Lines from the top of the entries down to the line with "图为落叶创意作品展示区的一角。彭梦湘 供图" must be set down exactly as they stand, with both ends retained.

== GIVEN INFORMATION

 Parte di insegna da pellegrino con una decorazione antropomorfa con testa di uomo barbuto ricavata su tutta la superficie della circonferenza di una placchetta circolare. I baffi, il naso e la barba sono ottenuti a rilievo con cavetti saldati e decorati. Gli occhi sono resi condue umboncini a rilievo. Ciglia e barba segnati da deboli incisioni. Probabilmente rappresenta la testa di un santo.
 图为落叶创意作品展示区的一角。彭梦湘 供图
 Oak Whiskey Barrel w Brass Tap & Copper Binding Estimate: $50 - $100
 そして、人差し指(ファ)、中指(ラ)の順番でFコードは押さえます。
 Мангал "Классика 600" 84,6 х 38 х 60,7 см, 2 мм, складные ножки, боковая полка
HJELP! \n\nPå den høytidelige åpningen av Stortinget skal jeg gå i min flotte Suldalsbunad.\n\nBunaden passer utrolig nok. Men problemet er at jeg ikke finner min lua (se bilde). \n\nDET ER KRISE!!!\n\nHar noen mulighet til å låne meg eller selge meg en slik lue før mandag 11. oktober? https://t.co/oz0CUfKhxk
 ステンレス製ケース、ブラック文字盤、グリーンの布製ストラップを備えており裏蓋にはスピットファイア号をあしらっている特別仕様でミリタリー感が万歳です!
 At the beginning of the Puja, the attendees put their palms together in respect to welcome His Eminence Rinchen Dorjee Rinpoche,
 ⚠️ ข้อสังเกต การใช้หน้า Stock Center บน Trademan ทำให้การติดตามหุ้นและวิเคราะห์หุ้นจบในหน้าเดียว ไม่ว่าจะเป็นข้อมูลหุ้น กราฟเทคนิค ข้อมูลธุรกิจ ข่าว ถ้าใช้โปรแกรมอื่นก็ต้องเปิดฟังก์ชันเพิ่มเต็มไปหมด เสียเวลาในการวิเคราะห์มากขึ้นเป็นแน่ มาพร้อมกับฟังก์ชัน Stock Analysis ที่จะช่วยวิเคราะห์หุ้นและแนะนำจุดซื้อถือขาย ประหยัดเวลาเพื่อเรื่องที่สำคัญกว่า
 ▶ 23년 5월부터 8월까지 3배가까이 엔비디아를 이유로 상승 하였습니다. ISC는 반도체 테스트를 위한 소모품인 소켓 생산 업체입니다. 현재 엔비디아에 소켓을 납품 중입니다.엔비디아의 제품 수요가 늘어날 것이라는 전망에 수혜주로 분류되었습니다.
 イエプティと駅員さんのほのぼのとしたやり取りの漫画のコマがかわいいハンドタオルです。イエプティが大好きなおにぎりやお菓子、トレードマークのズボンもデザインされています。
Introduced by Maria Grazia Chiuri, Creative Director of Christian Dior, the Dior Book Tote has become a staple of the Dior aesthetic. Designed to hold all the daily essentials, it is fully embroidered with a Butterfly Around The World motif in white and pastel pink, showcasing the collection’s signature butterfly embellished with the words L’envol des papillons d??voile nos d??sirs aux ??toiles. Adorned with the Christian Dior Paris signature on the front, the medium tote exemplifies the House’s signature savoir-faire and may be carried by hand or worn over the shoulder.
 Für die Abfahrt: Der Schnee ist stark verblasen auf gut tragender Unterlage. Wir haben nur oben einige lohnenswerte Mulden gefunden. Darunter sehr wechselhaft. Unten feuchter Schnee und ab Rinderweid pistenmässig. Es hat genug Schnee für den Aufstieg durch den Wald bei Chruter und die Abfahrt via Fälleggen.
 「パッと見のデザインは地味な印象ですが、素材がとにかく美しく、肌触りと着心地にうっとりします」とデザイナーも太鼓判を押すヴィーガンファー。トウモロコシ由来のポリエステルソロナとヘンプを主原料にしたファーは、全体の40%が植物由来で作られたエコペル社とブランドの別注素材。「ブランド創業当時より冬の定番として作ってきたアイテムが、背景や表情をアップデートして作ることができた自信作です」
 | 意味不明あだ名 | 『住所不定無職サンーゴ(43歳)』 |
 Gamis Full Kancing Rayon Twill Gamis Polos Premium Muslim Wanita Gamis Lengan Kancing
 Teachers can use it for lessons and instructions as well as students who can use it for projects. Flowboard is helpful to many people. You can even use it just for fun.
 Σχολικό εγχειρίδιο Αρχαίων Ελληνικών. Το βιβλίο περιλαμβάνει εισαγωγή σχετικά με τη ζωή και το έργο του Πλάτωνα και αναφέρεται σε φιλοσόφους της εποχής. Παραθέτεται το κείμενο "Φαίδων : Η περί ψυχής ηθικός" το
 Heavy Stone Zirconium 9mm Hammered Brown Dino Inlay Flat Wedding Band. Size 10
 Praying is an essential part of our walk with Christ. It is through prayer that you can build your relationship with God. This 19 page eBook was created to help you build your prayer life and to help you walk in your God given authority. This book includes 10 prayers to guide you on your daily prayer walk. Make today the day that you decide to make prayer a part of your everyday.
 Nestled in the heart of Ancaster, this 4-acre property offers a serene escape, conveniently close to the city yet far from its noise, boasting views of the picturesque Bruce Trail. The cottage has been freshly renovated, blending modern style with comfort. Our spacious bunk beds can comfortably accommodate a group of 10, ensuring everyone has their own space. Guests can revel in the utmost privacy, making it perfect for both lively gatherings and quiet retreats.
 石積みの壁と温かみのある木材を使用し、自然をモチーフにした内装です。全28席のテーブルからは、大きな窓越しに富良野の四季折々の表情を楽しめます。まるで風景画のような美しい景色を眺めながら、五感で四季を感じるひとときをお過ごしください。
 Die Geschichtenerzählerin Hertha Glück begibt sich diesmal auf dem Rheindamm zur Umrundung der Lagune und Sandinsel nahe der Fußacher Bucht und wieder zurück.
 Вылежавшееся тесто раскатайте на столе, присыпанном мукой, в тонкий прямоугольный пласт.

====

§ **FINISHED EXERCISE**:
 Parte di insegna da pellegrino con una decorazione antropomorfa con testa di uomo barbuto ricavata su tutta la superficie della circonferenza di una placchetta circolare. I baffi, il naso e la barba sono ottenuti a rilievo con cavetti saldati e decorati. Gli occhi sono resi condue umboncini a rilievo. Ciglia e barba segnati da deboli incisioni. Probabilmente rappresenta la testa di un santo.
 图为落叶创意作品展示区的一角。彭梦湘 供图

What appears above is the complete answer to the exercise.